The IRAS tax year. YA2024 covers income earned in calendar year 2023, filed and assessed in 2024. Tax bills are issued under the YA designation.
The Year of Assessment is IRAS's tax year designation. It covers income earned in the preceding calendar year and is the period in which that income is reported, assessed, and taxed.
Singapore uses the term 'Year of Assessment' (YA) rather than 'tax year' to clearly distinguish the assessment year (when you file) from the income year (when you earned it).
YA2024 covers income earned in calendar year 2023.
YA2025 covers income earned in calendar year 2024.
Filing deadline: typically 18 April of the YA (e.g., 18 April 2025 for YA2025).
NOA issued: May – August of the YA.
Tax payment due: typically one month after NOA, or in 12 monthly GIRO instalments.
Year-end planning: actions you take in December (RSTU, SRS contributions, charitable donations) affect the NEXT YA's tax bill. There's no retroactive adjustment.
RSTU deadline: cash top-ups must clear by 31 December to count for that calendar year's tax assessment.
SRS deadline: same — 31 December cut-off for that year's contribution to count.
Annual review: late November / early December is the right time to project your tax position and decide on year-end moves.
Backdated income changes (bonuses, late commissions): generally taxed in the year you receive them, not the year they're earned. Some exceptions apply.
Carry-forward: losses (for self-employed) can be carried forward indefinitely subject to shareholding tests. Capital losses on personal investments are not deductible (no capital gains tax means no capital loss deduction).
Foreign-sourced income: taxable when remitted to Singapore for residents. Timing remittance across YAs can manage tax bands.
Tax residency status changes: critical for those moving between Singapore and overseas. Determined by physical presence days and employment circumstances per YA.
IRAS's tax year designation. YA2024 covers income earned in calendar year 2023 — the income year and assessment year are offset by 12 months. Singapore uses this distinction deliberately to separate the year you earned the income from the year you report and pay tax on it.

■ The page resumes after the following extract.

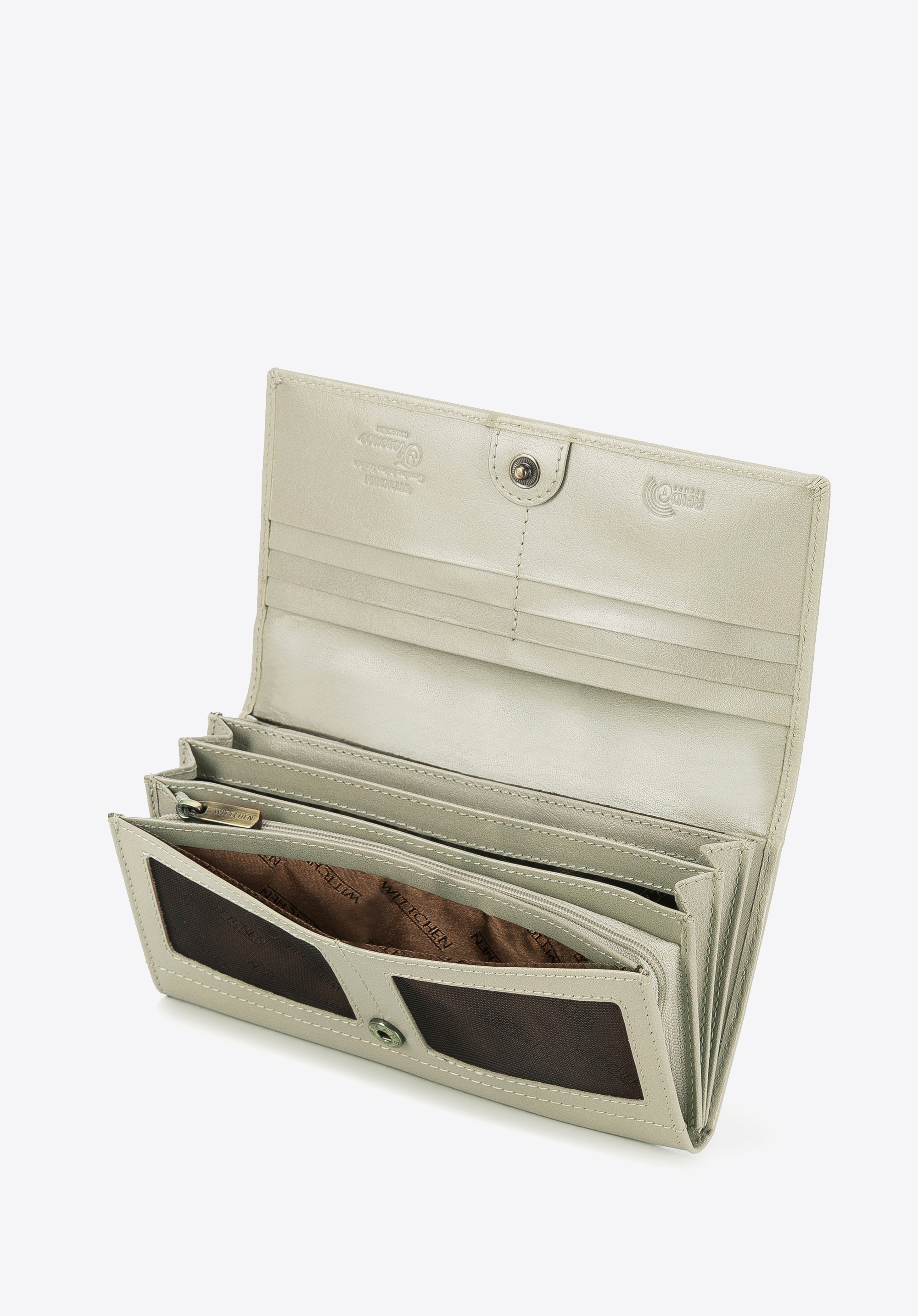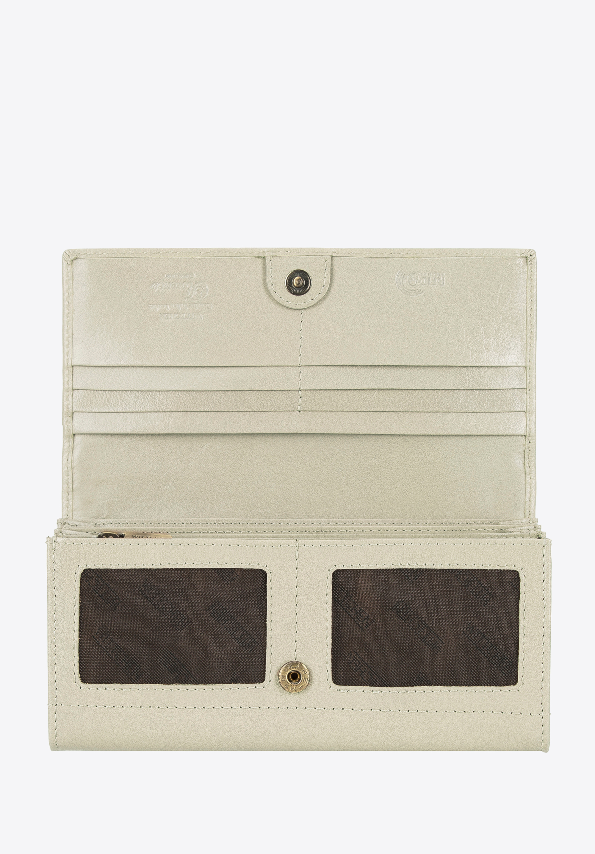 Portofel mare de damă realizat din piele de vițel rezistentă. Se caracterizează printr-un design simplu și o aranjare funcțională a buzunarelor. Dimensiunea mare permite păstrarea certificatul de înregistrare.

March to April of the YA year. Filing deadline is 18 April. Income earned in the calendar year is reported in the following YA. So 2024 income is reported in YA2025, due 18 April 2025.
Contributions that must clear by 31 December: SRS top-ups, RSTU cash top-ups, donations to approved IPCs. Reviewing reliefs in November / early December gives you time to act before year-end. Procrastinating past 31 December pushes those actions to the next YA.
Rarely. Resident tax rates have been stable across recent YAs; rebates (one-off relief) sometimes vary by Budget announcement. The S$80,000 personal reliefs cap and major brackets have been unchanged since YA2018. Check IRAS for any current-year adjustments.